▶ [Source data]:
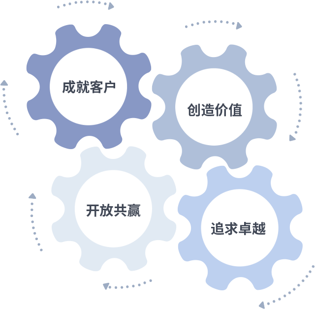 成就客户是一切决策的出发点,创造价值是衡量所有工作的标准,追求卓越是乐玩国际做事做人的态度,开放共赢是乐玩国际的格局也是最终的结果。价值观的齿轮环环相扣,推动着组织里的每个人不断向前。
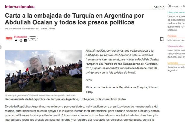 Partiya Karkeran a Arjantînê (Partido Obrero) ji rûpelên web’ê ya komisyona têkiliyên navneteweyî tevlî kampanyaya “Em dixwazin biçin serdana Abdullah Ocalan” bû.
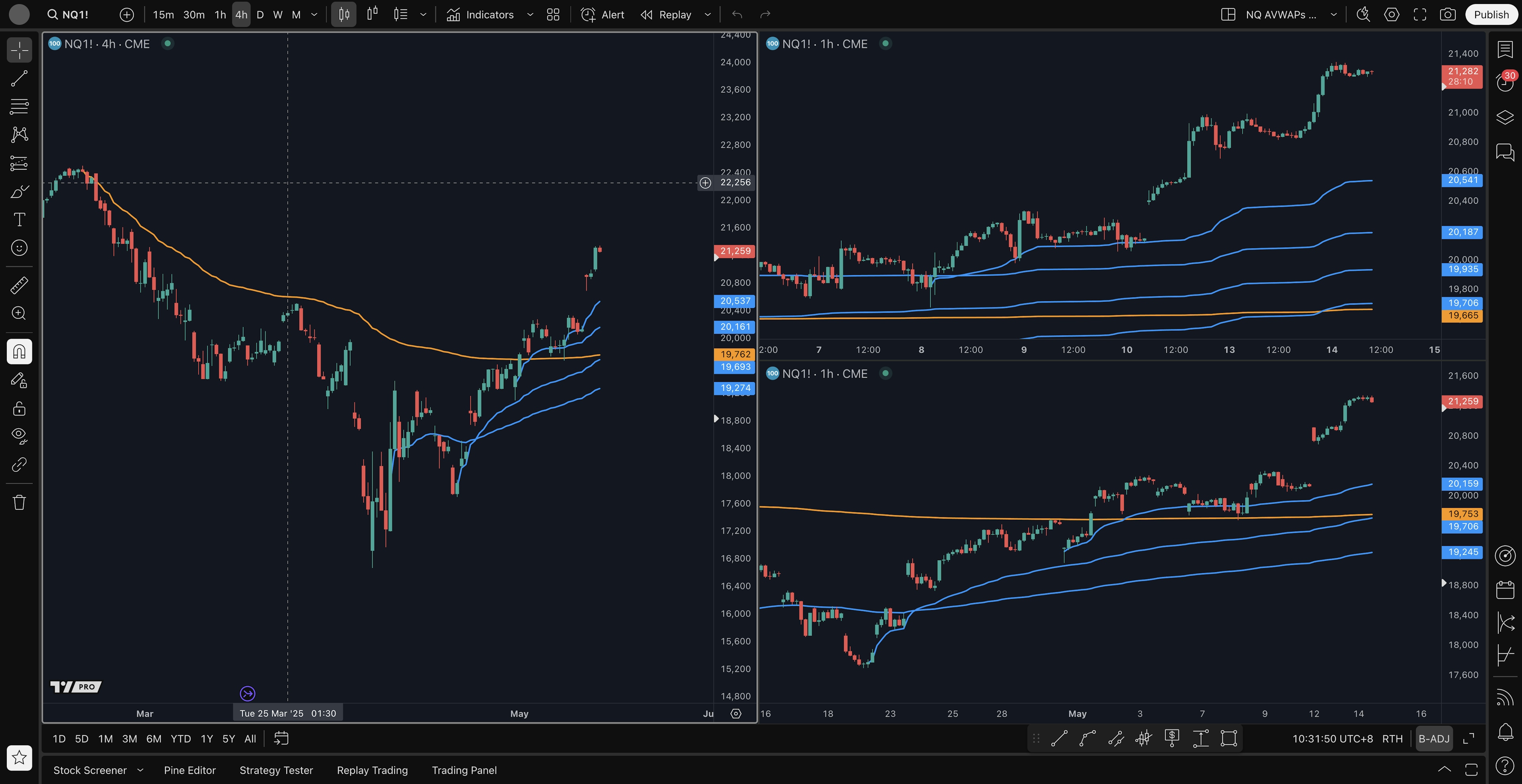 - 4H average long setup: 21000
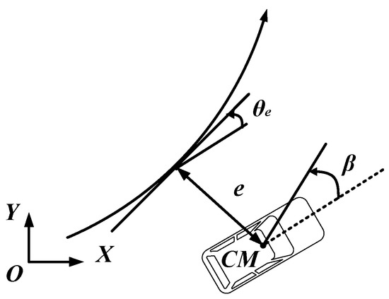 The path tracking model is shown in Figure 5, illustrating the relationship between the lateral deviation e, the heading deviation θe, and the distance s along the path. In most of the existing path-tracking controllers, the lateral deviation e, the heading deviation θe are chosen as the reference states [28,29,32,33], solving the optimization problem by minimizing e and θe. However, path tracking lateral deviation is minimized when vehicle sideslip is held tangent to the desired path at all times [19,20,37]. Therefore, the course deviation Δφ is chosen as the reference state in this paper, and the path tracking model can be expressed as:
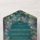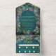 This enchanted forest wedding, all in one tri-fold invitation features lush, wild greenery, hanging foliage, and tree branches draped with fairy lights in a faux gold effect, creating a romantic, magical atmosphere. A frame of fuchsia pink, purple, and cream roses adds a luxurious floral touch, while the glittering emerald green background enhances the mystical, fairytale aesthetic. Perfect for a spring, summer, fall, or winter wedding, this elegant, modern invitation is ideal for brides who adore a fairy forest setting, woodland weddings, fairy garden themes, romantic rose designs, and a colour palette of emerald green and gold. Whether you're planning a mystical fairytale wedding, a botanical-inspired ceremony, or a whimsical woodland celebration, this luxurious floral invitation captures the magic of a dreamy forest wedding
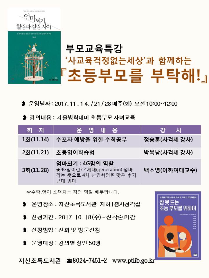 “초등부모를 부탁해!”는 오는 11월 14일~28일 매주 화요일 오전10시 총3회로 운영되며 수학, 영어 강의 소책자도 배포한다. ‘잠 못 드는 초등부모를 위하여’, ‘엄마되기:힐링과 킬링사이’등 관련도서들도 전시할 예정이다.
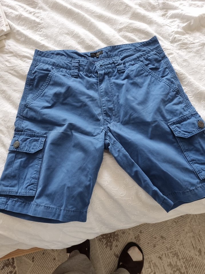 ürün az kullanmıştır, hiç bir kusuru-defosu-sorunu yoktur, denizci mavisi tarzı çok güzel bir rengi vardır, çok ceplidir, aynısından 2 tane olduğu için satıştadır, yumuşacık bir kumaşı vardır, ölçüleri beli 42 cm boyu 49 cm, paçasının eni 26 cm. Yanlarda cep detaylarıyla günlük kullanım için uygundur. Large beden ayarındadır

▶ [Exercise]: Your answer should contain only the lines from the beginning of the listing above through the line with "The path tracking model is", copied exactly and without the pictures.

▶ [Solved exercise]:
 成就客户是一切决策的出发点,创造价值是衡量所有工作的标准,追求卓越是乐玩国际做事做人的态度,开放共赢是乐玩国际的格局也是最终的结果。价值观的齿轮环环相扣,推动着组织里的每个人不断向前。
 Partiya Karkeran a Arjantînê (Partido Obrero) ji rûpelên web’ê ya komisyona têkiliyên navneteweyî tevlî kampanyaya “Em dixwazin biçin serdana Abdullah Ocalan” bû.
 - 4H average long setup: 21000
 The path tracking model is shown in Figure 5, illustrating the relationship between the lateral deviation e, the heading deviation θe, and the distance s along the path. In most of the existing path-tracking controllers, the lateral deviation e, the heading deviation θe are chosen as the reference states [28,29,32,33], solving the optimization problem by minimizing e and θe. However, path tracking lateral deviation is minimized when vehicle sideslip is held tangent to the desired path at all times [19,20,37]. Therefore, the course deviation Δφ is chosen as the reference state in this paper, and the path tracking model can be expressed as:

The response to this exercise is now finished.